It went to their heads. In the west first, of course. It definitely went to their heads. The birth rate declined so rapidly that the Catholic Church had oecumenical hysterics (after trying and failing to face the facts for half a century). It used up four popes in ten years and then split in two, each part thereafter sub-dividing at regular intervals until what had once been a great institution finally achieved a sort of slow-motion parody of that lowly creature, the amoeba. Eventually, as always, the Anglican Church followed suit. Buddhism, on the other hand, seemed to be somewhat more robust and capable of accepting—in theory, at least—a new level of existence. So did Islam. But, in the end, both had to be modified. Drastically modified.

Meanwhile, women everywhere revelled in the emancipation from animalism. Three pregnancies—the sentence of the average married/mated human female in the earlier decades of the twentieth century—did not only mean twenty-seven months as a foetal vehicle. It meant at least thirteen years as a programmed teaching machine. It meant one quarter of the total average female life span. That was the real bondage. It was the mechanism by which maidens were turned into matrons, and matrons were turned into crones.

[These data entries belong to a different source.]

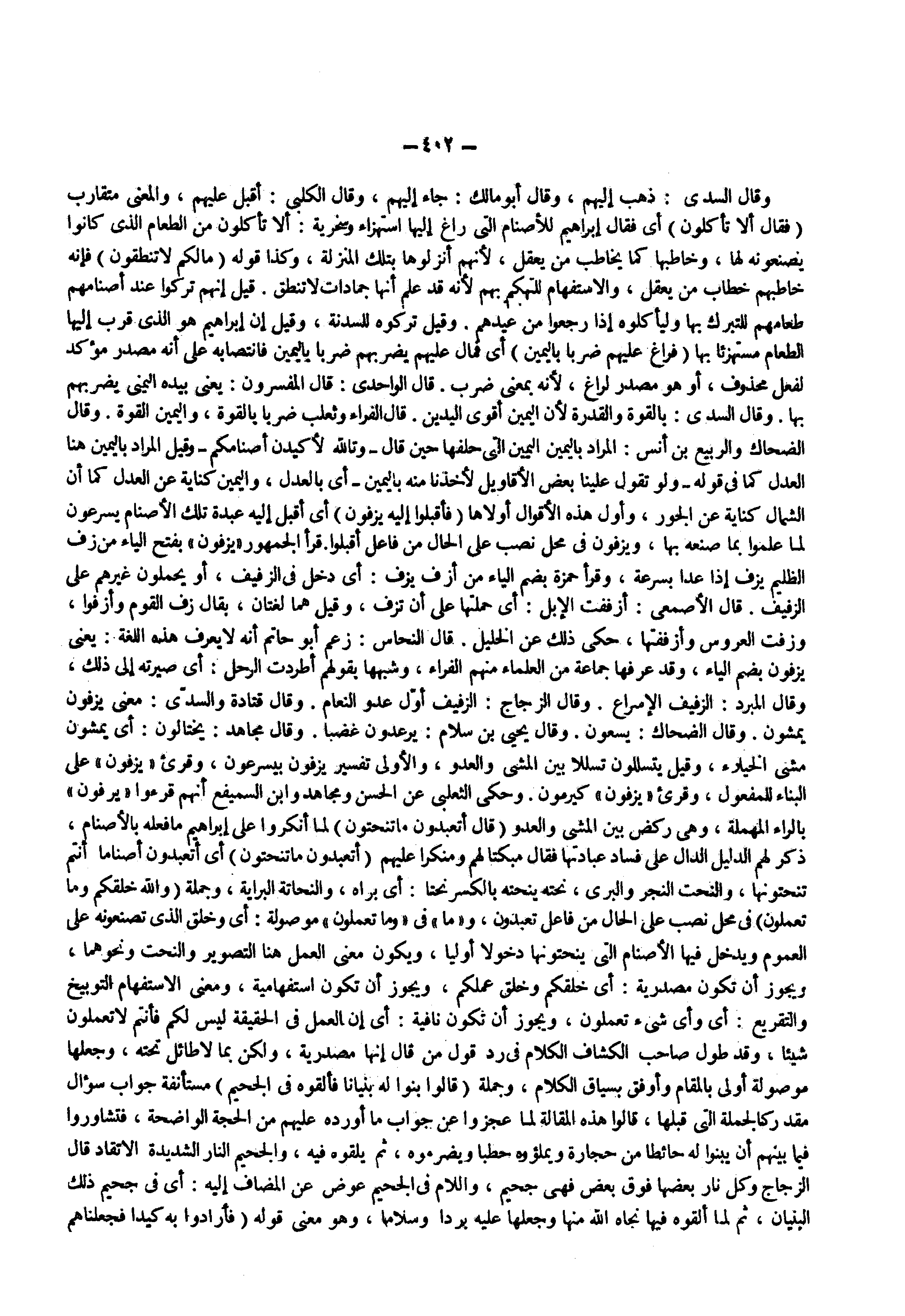 ) فأقبلوا إليه يزفون ( أى أقبل إليه عبدة تلك الأصنام يسرعون لما علموا بما صنعه بها ويزفون فى محل نصب على الحال من فاعل أقبلوا قرأ الجمهور يزفون بفتح الياء من زف الظليم يزف إذا عدا بسرعة وقرأ حمزة بضم الياء من أزف يزف أي دخل فى الزفيف أو يحملون غيرهم على الزفيف قال الأصمعى أزففت الإبل أى حملتها على أن تزف وقيل هما لغتان يقال زف القوم وأزفوا وزفت العروس وأزففتها حكى ذلك عن الخليل قال النحاس زعم أبو حاتم أنه لا يعرف هذه اللغة يعنى يزفون بضم الياء وقد عرفها جماعة من العلماء منهم الفراء وشببها بقولهم أطردت الرحل أي صيرته إلى ذلك وقال المبرد الزفيف الإسراع وقال الزجاج الزفيف أول عدو النعام وقال قتادة والسدى معنى يزفون يمشون وقال الضحاك يسعون وقال يحيى بن سلام يرعدون غضبا وقال مجاهد يختالون أى يمشون مشى الخيلاء وقيل يتسللون تسللا بين المشى والعدو والأولى تفسير يزفون بيسرعون وقرىء يزفون على البناء للمفعول وقرىء يزفون كيرمون وحكى الثعلبى عن الحسن ومجاهد وابن السميفع أنهم قرءوا يرفون بالراء المهملة وهى ركض بين المشى والعدو
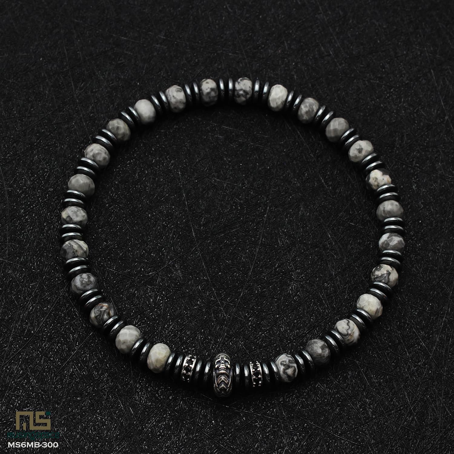 Grey Picture Jasper Skeleton S925 Silver - Healing Gemstone Bead Bracelet | 6mm
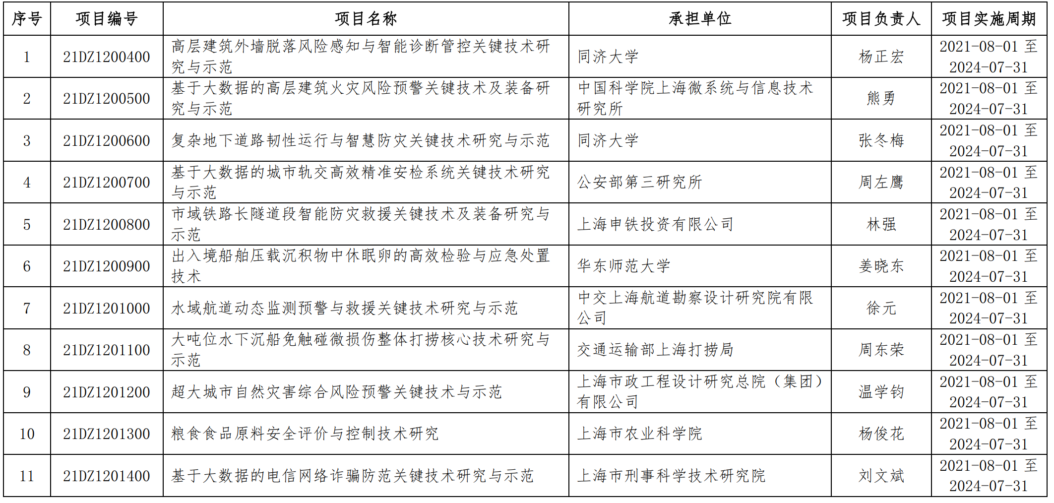 根據(jù)《關(guān)于發(fā)布上海市2021年度“科技創(chuàng)新行動計劃”社會發(fā)展科技攻關(guān)項目申報指南的通知》(滬科指南〔2021〕14號)要求,經(jīng)申報推薦、形式審查、專家評審、立項公示等程序,現(xiàn)對《高層建筑外墻脫落風(fēng)險感知與智能診斷管控關(guān)鍵技術(shù)研究與示范》等58個項目予以立項,市科委資助13870萬元,其中2021年撥款11096萬元。請各項目承擔(dān)單位做好項目組織實施和管理工作,確保按期完成項目研究任務(wù)目標。
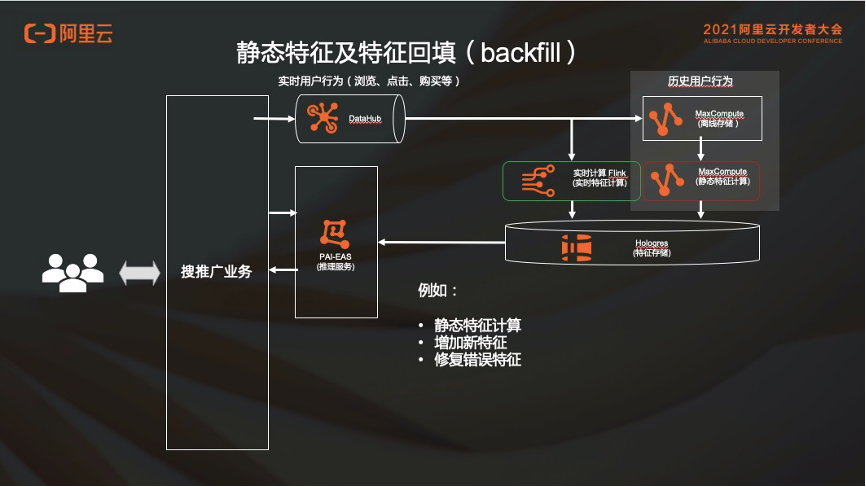 比如新上线一个特征,这个新的特征在实时链路上线了之后,如果需要最近 30 天用户的行为,不可能等 30 天之后再计算。于是需要找到离线数据,然后把最近 30 天的这个特征给它补上。这就叫特征回填,也就是 backfill 。通过 MaxCompute 去算这个特征回填一样也是写到 Hologres,同时实施起来也会把新的特征给加上,这是一个新特征的场景。
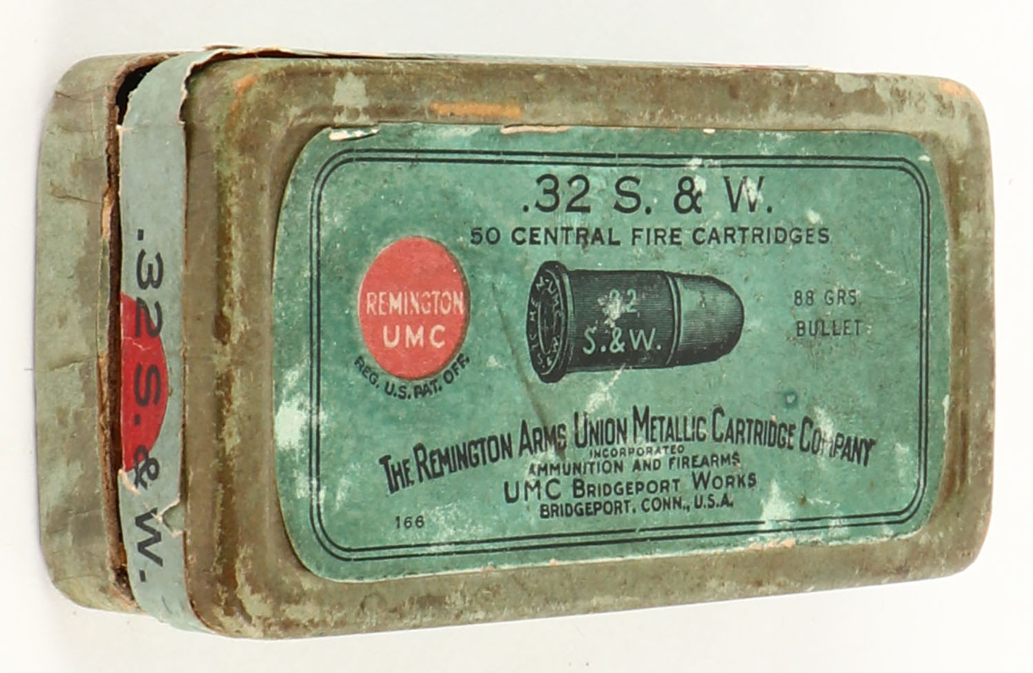 REM-UMC, Central Fire Cartridges, .32 Smith & Wesson, 88 Grain Bullet, Partial 33rds., 2pc. Buff box with blue top & side sealing labels, box is solid with very good color, some age soiling, corners are mostly sharp, edges are crisp, side sealing label is 50% intact, ammo is excellent. Grade: Very Good ++ - Value: 10 to 40
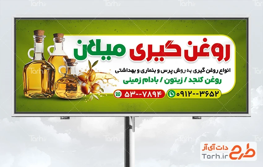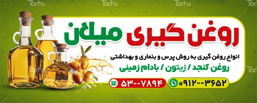 طرح لایه باز تابلو تبلیغاتی روغن گیری با فرمت psd و قابل ویرایش در نرمافزار فتوشاپ بهصورت لایه باز توسط تیم طراحان طرح دات آی آر طراحی شده است. در طرح لایه باز بنر روغنگیری و عصاری از تصاویر و المانهای باکیفیت و متناسب با استاندارد چاپ استفادهشده، همچنین نکات مهم در طرح لایه باز بنر مشاغل مانند رنگبندی، رعایت حاشیه، فاصلهها، سایز و نوع فونت مناسب طراحی تابلو مشاغل و ... رعایت گردیده است. طرح بنر روغن گیری شامل عکس شیشه روغن میباشد که المانهای استفادهشده در طرح تابلو عصاری و روغنگیری قابلیت ویرایش، جابهجایی و تغییر سایز را دارا بوده و شما میتوانید متناسب باسلیقه خودتان طرح بنر تبلیغاتی روغن گیری را ویرایش نمایید، همچنین با تغییر تصاویر و متنها میتوانید طرح تابلو روغن ارده و کنجد و عصاری را به طرح تابلوی شغل موردنظر خود تبدیل نمایید.

Birth control, practised by the minority since the dawn
of civilization, became the prerogative of the masses. It was the end of the million-year slavery. It was the beginning of woman, the social force. It was also the end—quite by accident—of man, the master.

By the early 1970’s, contraception had become a major industry. The population of the world was nearly four thousand million. Therefore there were roughly two thousand million females, nearly half of whom were in the child-bearing age range. The 1970’s became the Golden Age for the birth-control propagandists, the great drug houses, and the pharmaceutical chemists.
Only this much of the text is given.